患者を入院させ医療を提供する医療機関においては、患者の入院療養に伴う転倒・転落等を防止すべき安全配慮義務を負っているものと解される。
転倒・転落事故については、介護系施設に対して多くの訴訟が提起されており、平成28年1月までに公刊物に掲載された訴訟は21件ほど確認されており認容例も多い。
医療機関に対する訴訟についても、昭和40年代に請求が認容された裁判例がいくつか見受けられ、平成に入ってからも、ベッド柵の設置が明らかに不十分であることから医療機関の責任を認めたものとして、宇都宮地方裁判所平成6年9月28日(判例時報1536号93頁)や、東京高等裁判所平成11年9月16日(判例タイムズ1038号238頁)などの裁判例が存在している。
しかし、近年は、本裁判例も含めて後述の通り医療機関の責任を否定している裁判例も多い。
本裁判例は、その義務違反の判断構造として、まず、対象となる患者についての転倒転落アセスメント結果の検討を行い、そのアセスメント結果に応じて病棟で行われるべき具体的な転倒・転落を防止するための方法について、それが果たされていたのか否かを個別に判断する方法を採っている。
類似の裁判例として、例えば、入院患者がベッドから転落し急性硬膜下血腫を発症して死亡した事案(岡山地方裁判所平成26年1月28日判決・判例時報2214号99頁)がある。この事案でも、裁判所は医療機関が行った「転倒転落アセスメントシート」の評価内容についてその妥当性を検討し、そのうえで、患者の転倒・転落を防止するための具体的方法の検討を行っており、ほぼ同様の判断枠組みが用いられている。

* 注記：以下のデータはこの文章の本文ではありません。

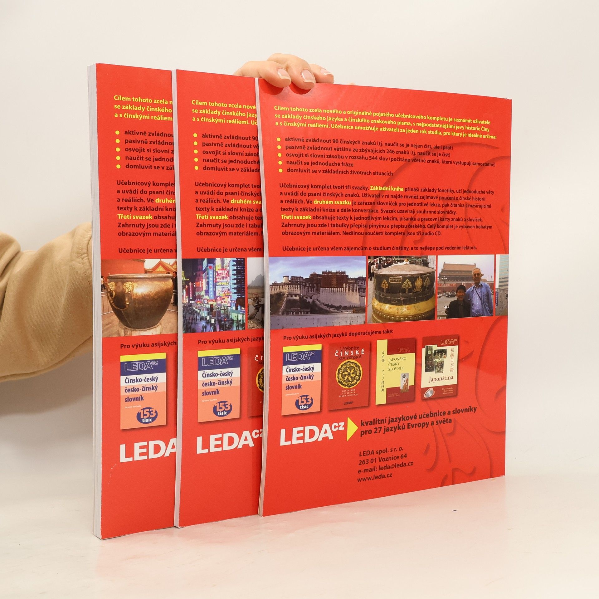 Tato nová učebnice čínštiny má seznámit uživatele se základy čínského jazyka a čínského znakového písma, s nejpodstatnějšími jevy historie Číny a s čínskými reáliemi. Umožňuje uživateli zvládnout aktivně 90 čínských znaků, pasivně zbývajících 246 znaků, osvojit si 544 slov,naučit se jednoduché fráze a domluvit se v základních životních situacích. Komplet obsahuje tři svazky. Základní kniha přináší základy fonetiky, učí jednoduché věty a uvádí do psaní čínských znaků. Ve druhém svazku je zařazen slovníček pro jednotlivé lekce, čítanka s rozšiřujícími texty k základní knize, konverzace a souhrnné slovníčky. Učebnice je určena všem zájemcům o studium čínštiny, a to nejlépe pod vedením lektora.

また、別の類似の裁判例として、入院患者がベッドより転落受傷し、くも膜下出血等の傷害を負った事案(大阪地方裁判所平成19年11月14日・判例時報2001号58頁)がある。この事案では、転倒・転落防止策の実施について、医学部付属病院での調査結果を元に、実際の臨床現場での実施率を考慮した上で、必要性・有用性の判断を行った。
具体的には、ベッドの高さの管理や、ストッパー固定の確認、ベッド柵の管理については、臨床現場での高い実施率からその必要性を認める一方、床敷マットについては、実施率が低いことから一般的な医学的知見としてその有用性が認められないとして、使用しなくとも不適切とはいえないとの判断を行っている。
まとめ
現在のところ、医療機関での転倒・転落事故について、最高裁判所の判例はなく、転倒・転落防止義務違反については、確立された判断の枠組みは存在しない。
しかし、本裁判例や類似の裁判例を見ると、裁判所は臨床現場の知見を基礎に、アセスメントとそれに基づいた防止策に不備がないかどうかを、医療水準論も含めて確認するかたちで、判断を行っている。
裁判所は、臨床現場における実務に即した判断を行ってきているといえる。